Genetic Polymorphisms in Patients With Systemic Lupus Erythematosus and Jaccoud Arthropathy A Pilot Study

Introduction: Jaccoud arthropathy (JA) is a nonerosive and deforming arthropathy experienced frequently by patients with systemic lupus erythematosus (SLE). Although genetic polymorphisms are associated with SLE development, the association between genetic polymorphisms and JA has not been studied to date. The main objective of this study was to evaluate an association between HLA, STAT4, IRF5, and BLK polymorphisms and the presence of JA in Brazilian individuals with SLE. Methods: Patients were selected from a cohort of individuals with SLE followed at 2 rheumatology reference centers in Salvador, Bahia, Brazil. The JA diagnosis was based on clinical and radiological criteria.

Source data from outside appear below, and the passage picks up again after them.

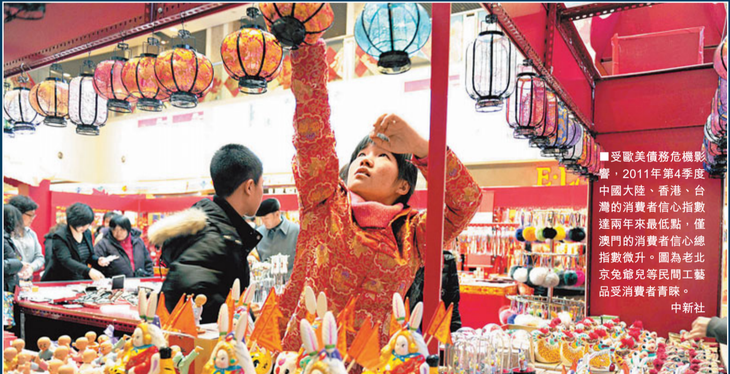
受歐美債務危機影響，2011年第四季中國大陸、香港、台灣的消費者信心指數達兩年來最低點，僅澳門的消費者信心總指數微升。圖為老北京兒童等民間工藝品受消費者青睞。

香港文匯報訊(記者 劉曉靜、趙一存北京報道)由兩岸四地大學定期公佈的兩岸三地消費者信心指數顯示，受歐美債務危機影響，去年第4季度，兩岸四地中僅澳門的消費者信心總指數微升2.2達86.9。大陸、香港和台灣的消費者信心總指數則分別為90.4、79.3和69.8，同比略有下降，持續低於100點的中性線。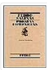
POESIAS COMPLETAS DE PEDRO SALINAS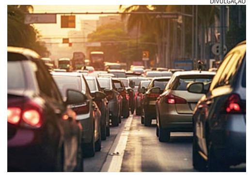
O maior fluxo de veículos deve se concentrar entre quarta e quinta

maior movimento serão nesta quarta (3), das 16h às 20h – no sentido capital-interior - saída para o feriado; na quinta (4), das 9h às 13h – no sentido capital-interior - saída para o feriado; e domingo (7), das 15h às 22h – no sentido interior-capital - retorno do feriado. Leia mais na versão on-line do JJ (jj.com.br)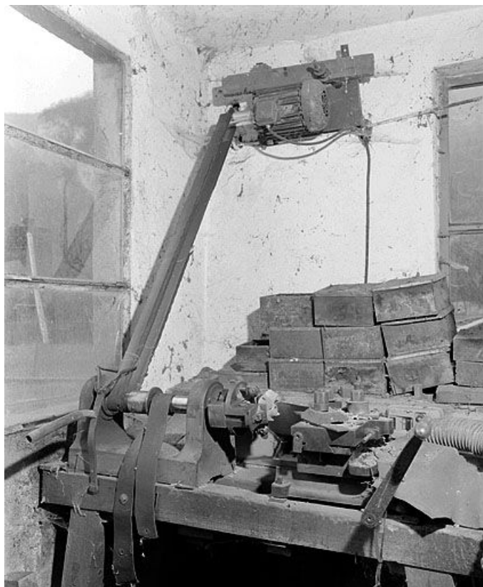
Vue d'ensemble avec son moteur.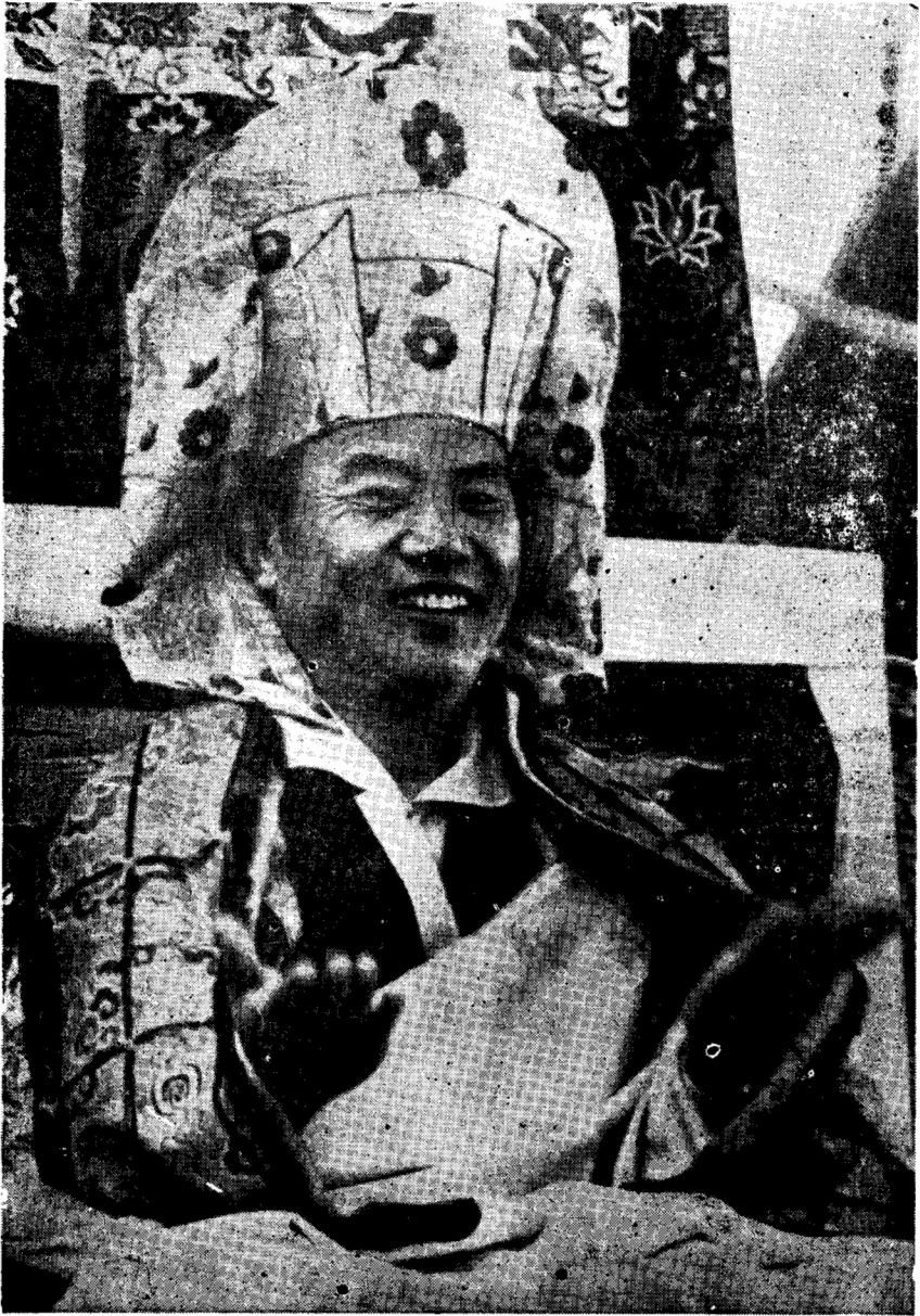
His Holiness the XVI Gyalwa Karmapa (1924 - 1981 A. D.)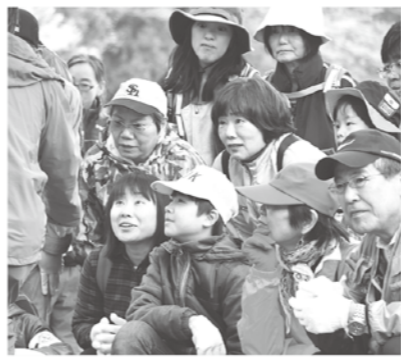
参加者の顔も自然と楽しそう

春の谷地区を舞台に「谷間の楽校 自然と遊ぼう+α山菜採集」が谷 公民館主催で開催されました。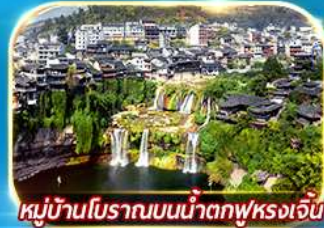
หมู่บ้านโบราณบนน้ำตกฟุหลงเจิน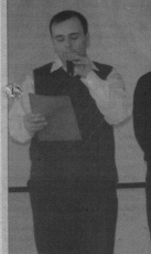
Юнкоровский пост школы.

Особый восторг в концерте вызвали переклассники и перво-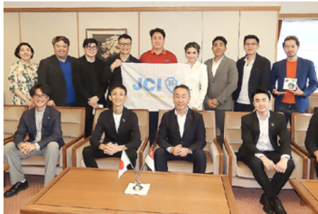
シンガポール・シティ青年会議所

外国の方々との交流は、お互いの文化を尊重しながら学び合い、自国を見つめ直す機会になります。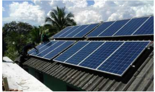
แผงโซลาเซลล์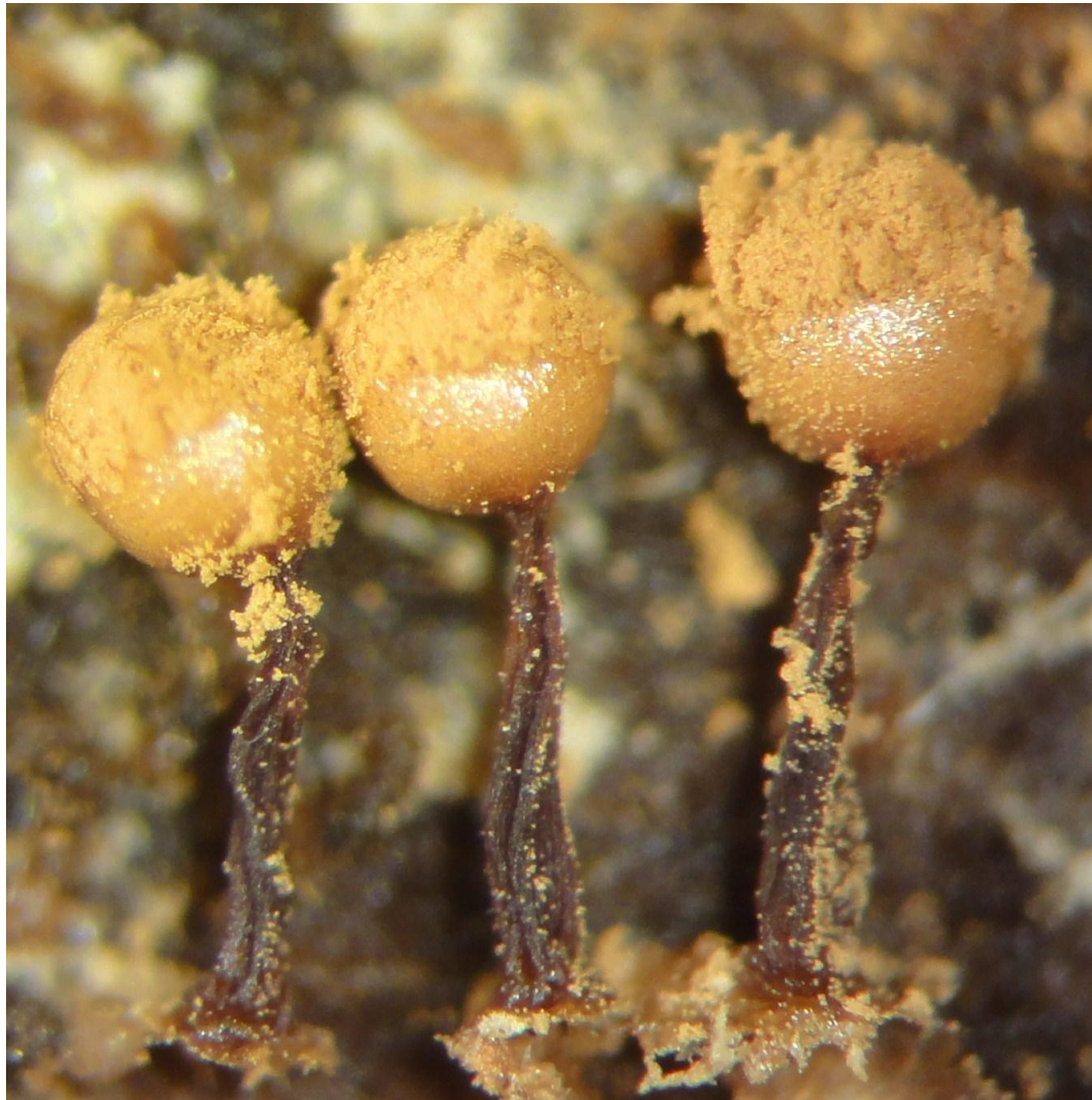
Sporocarpes de 1 à 2 mm de haut

16 octobre 2011 au Bois des Nonnes à Ittre-Fauquez, récolté par Luc sur du bois bien dégradé.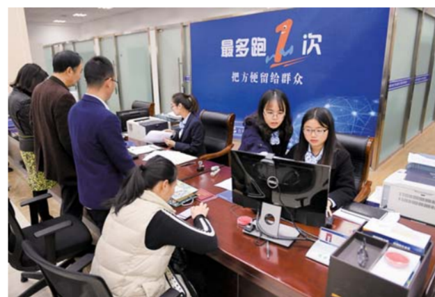
▲浙江省台州市行政服务中心的工作人员在给市民办理业务(3月28日摄)。经第三方评估，浙江“最多跑一次”实现率达87.9%，满意率达94.7%。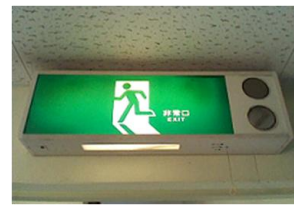
図4. 視野領域の部分拡大

我々が考える両者の大きな違いは、視線追跡装置は未知環境向き(情報探索型)であり、補視器は既知環境向き(情報提示型)となっていることである。例えば、教室で講義を受ける際に、黒板の方向は分かるが、視認が困難であるときなど、求める対象が明確である場合に効力を発揮する。補視器は目の前に置かれた拡大鏡付きディスプレイであるので、電子白板と組み合わせれば、講義内容の配信も得られる。図表の提示やPDFの文書など、映像信号源であるPCと繋げて、ネットワーク経由で膨大な資料も提示できる。また、歩行中での地図情報の提供など、電子的な視覚情報の保障に対して大幅な向上が期待できる。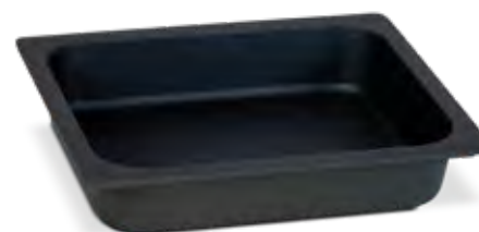
P851265 GN 1/2 special grill tray Bandeja GN 1/2 especial grill Plateau GN 1/2 spécial grill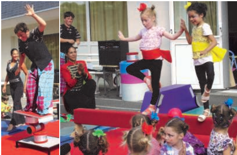
Juin : les enfants font le cirque à l'école maternelle !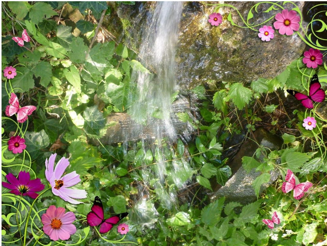
Quelle am Platz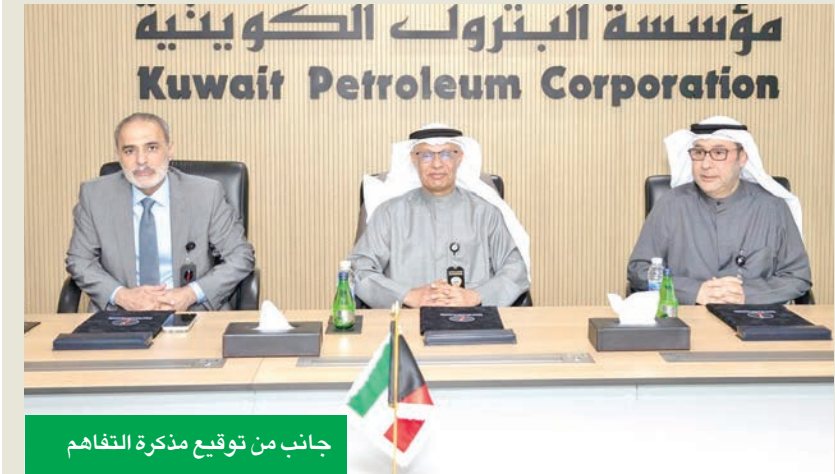
جانب من توقيع مذكرة التفاهم

والماء والطاقة المتجددة والماء والطاقة المتجددة يعكس التزام المؤسسة الراسخ بتوفير حلول مستدامة تدعم عملياتها النفطية وتلبي في الوقت ذاته احتياجات البلاد المستقبلية من الطاقة الكهربائية.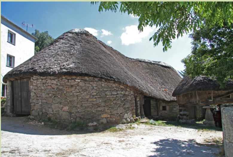
Piornedo: palloza e hórreo.

En Piornedo podemos facer unha visita completa á vila para coñecer o conxunto de pallozas mellor conservado dos Ancares na actualidade e visitar algunha das que están convertidas en museo.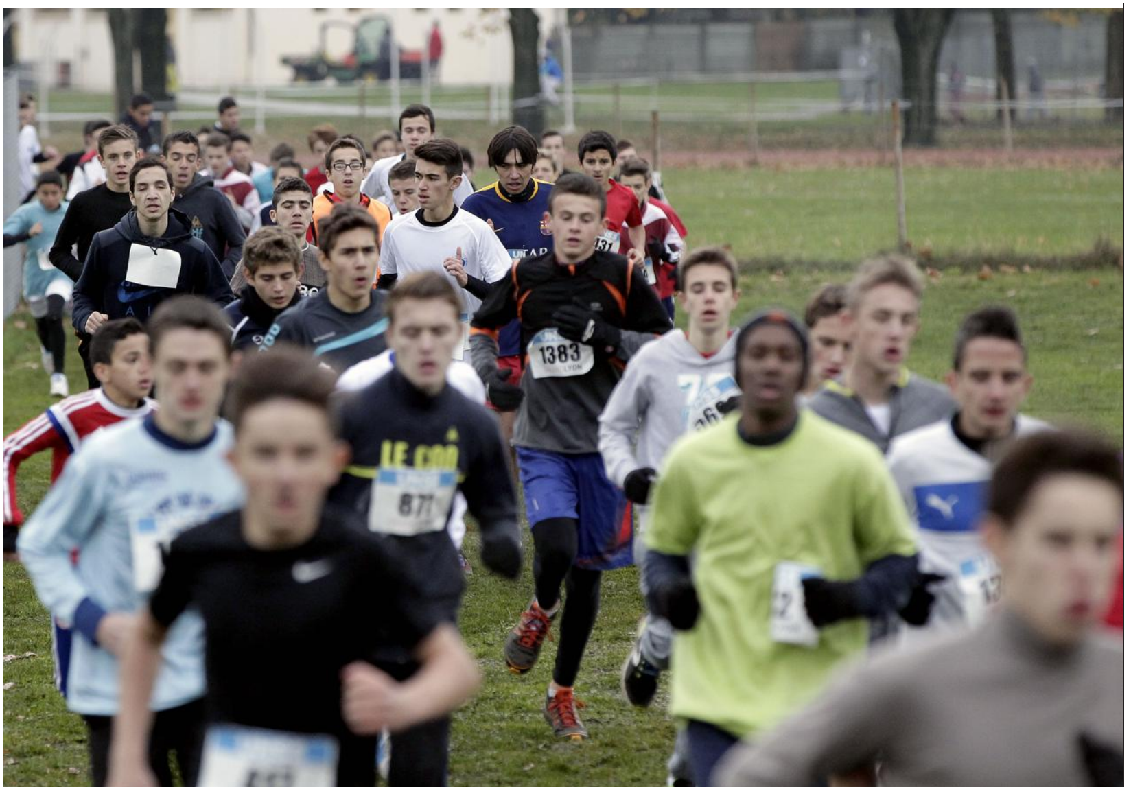
■ La course des minimes garçons.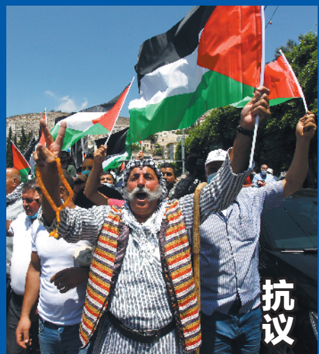
8月14日，巴勒斯坦人在约旦河西岸城市纳布卢斯抗议以色列与阿联酋达成的和平协议。

分析人士指出，阿拉伯国家一向在巴以问题上支持巴勒斯坦，而此次以阿达成和平协议显示出中东地区局势日益复杂化。以色列试图在美国帮助下扩大在这一地区的影响力，今后巴以僵局将更加难解。(新华社)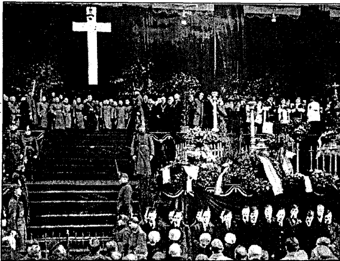
A budaörsi csata hőseinek ravatala a Nemzeti Múzeumnál. Mindkét kép a Nemzeti Múzeum gyűjteményéből származik. Külön érdekességük, hogy eddig egyiket sem publikálták

A világháború és a forradalmak, a megszállások után - a belső nyugalom és az összefogás helyett - magyar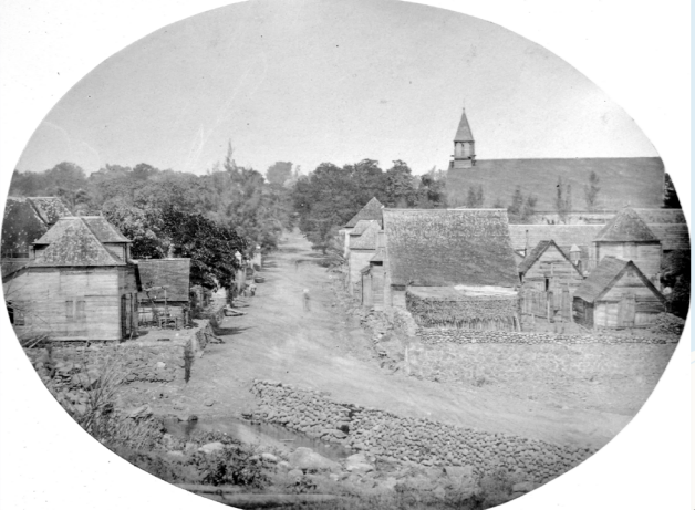
L'église de La Possession vue depuis la Ravine des Lataniers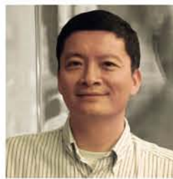
王一江 博士，哈佛大学

长江商学院金融学兼职教授，中国工商联并购工会主席以及万盟并购集团创始人。王巍教授曾任中国南方证券有限公司执行副总裁（1992年-1996年）、万盟并购管理控股公司主席（1997年-2006年）。他在公司理财、并购和IPO运作领域具有丰富的经验。在国内和海外市场，作为上市推荐人，王教授已引导并监督了40余家中国公司成功上市。他曾任中国众多一流公司的金融顾问，为其解答关于重组、金融、并购和IPO等方面的问题。王巍教授还出任三家上市公司的独立董事并担当中国多个部级、省级政府的经济顾问，同时具有不同国际公司的工作经验，包括东京的Nomura Security、华盛顿的世界银行以及纽约的化学银行。王巍教授在众多的学术和商业期刊发表超过百篇评论与论文，曾作为图书“Chinese Way (2000)”作者获得管理层融资收购图书的国家图书奖，2001年至2007年担任中国并购年鉴的主笔和编辑。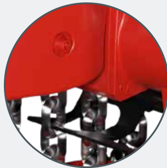
BUTÉE MÉCANIQUE DE FIN DE COURSE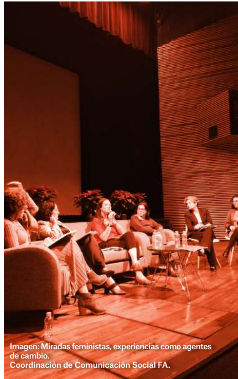
Imagen: Miradas feministas, experiencias como agentes de cambio. Coordinación de Comunicación Social FA.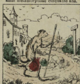
Le pauvre maître d'école, plus satisfait d'être singe que cigogne, partit chercher aventure, et nous vous dirons un jour ce qu'il est devenu.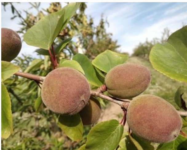
Albicocco: accrescimento frutto BBCH 78

Le fasi fenologiche dei fruttiferi sono nella maggior parte dei casi le seguenti: albicocco accrescimento frutti BBCH 74-78 , il susino si trova ad accrescimento frutti BBCH 74 , il pesco ad accrescimento frutti BBCH 74 , il ciliegio è, nella maggior parte dei casi ad accrescimento frutti BBCH 74 . Nelle pomacee, il melo è nella maggior parte dei casi ad allegagione BBCH 71 mentre il pero è da allegagione ad accrescimento frutti BBCH 71-72 .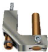
Adaptation mandrin déporté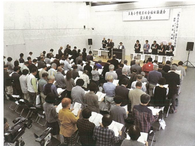
平成28年10月23日(日)(たまテレホール)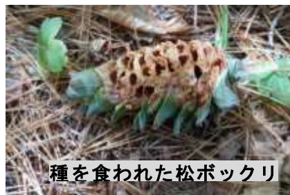
種を食われた松ボックリ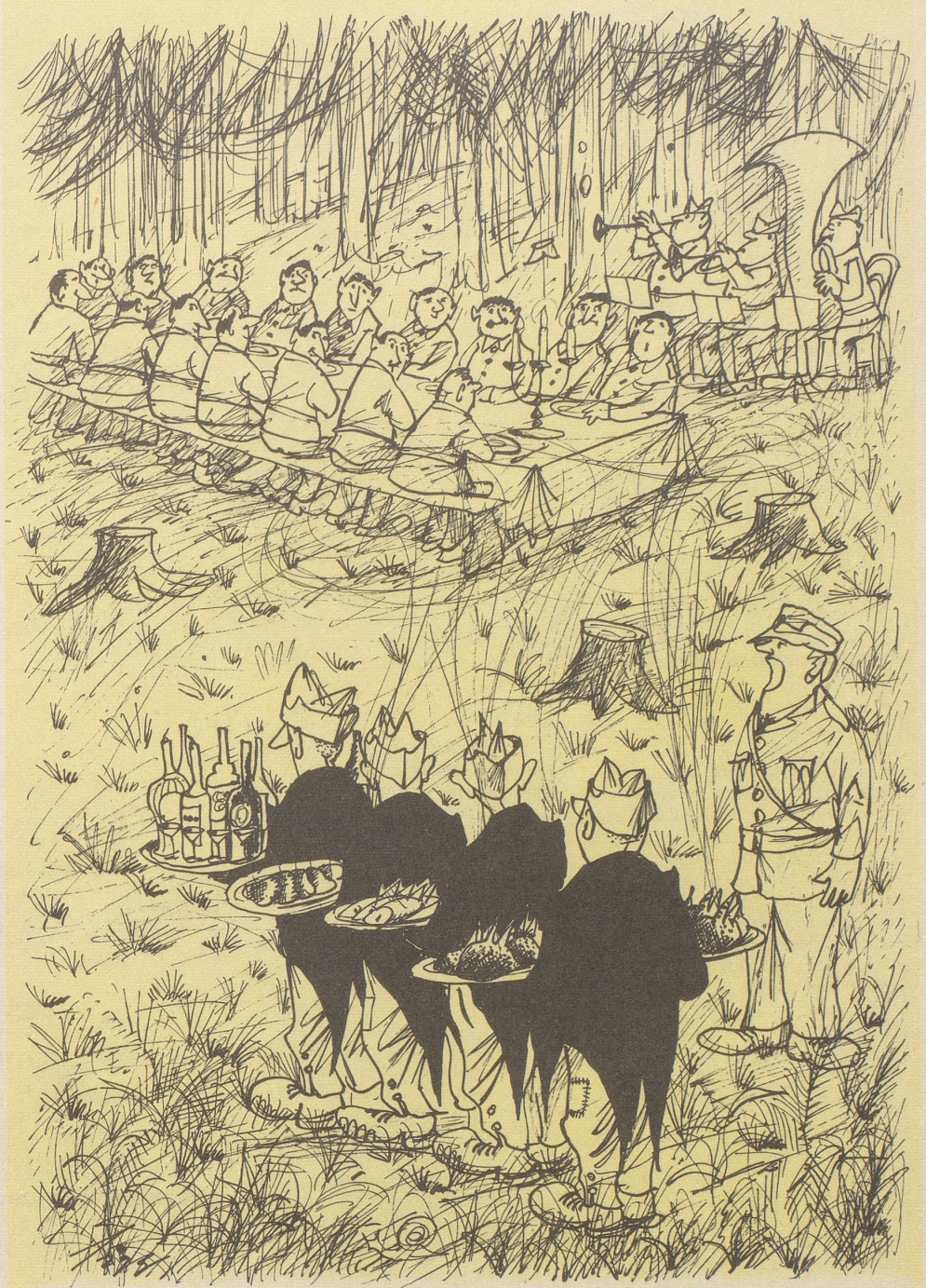
Die Verordnung, daß unsere Militärkost nun verfeinert werden soll, läßt eine willkommene Entwicklung im Verpflegungswesen ahnen.

im Bauch der Patientin vergessen. Das Röntgenbild macht zurzeit die Runde durch den westlichen Presse-fh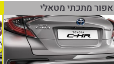
אפור מתכתי מטאלי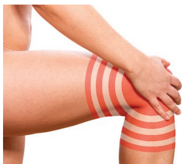
Wenn Gehen zur Last wird: Knieschmerzen

Mit Vektor-Lycopin steht ein Produkt zur Verfügung, das Entzündungen gezielt abbaut und die typischen Schmerzen bei Arthrose und Arthritis wirkungsvoll mindert. Vektor-Lycopin setzt dazu ausschließlich pflanzliche Stoffe ein, die anders als reine Schmerzmittel

The participants were genotyped for rs9271100, rs7574865, rs10488631, and rs13277113 polymorphisms in the HLA, STAT4, IRF5, and BLK genes, respectively, using real-time polymerase chain reaction. The presence of JA was correlated with allele frequencies, and clinical and laboratory data. Results: One hundred forty-four individuals with SLE (38 with JA and 106 with SLE without JA) were studied. The mean age of the patients was 45 +/- 12 years; the majority were women and had brown skin. Patients with JA had a longer disease duration than patients without JA. Serositis and neuropsychiatric manifestations were more frequent in the JA population. The A allele of rs13277113 in the BLK genewas associated with the presence of JA. Conclusions: The rs13277113 polymorphism in the BLK gene was found to be a possible genetic risk for JA development. However, further studies in larger populations should be performed to confirm this finding.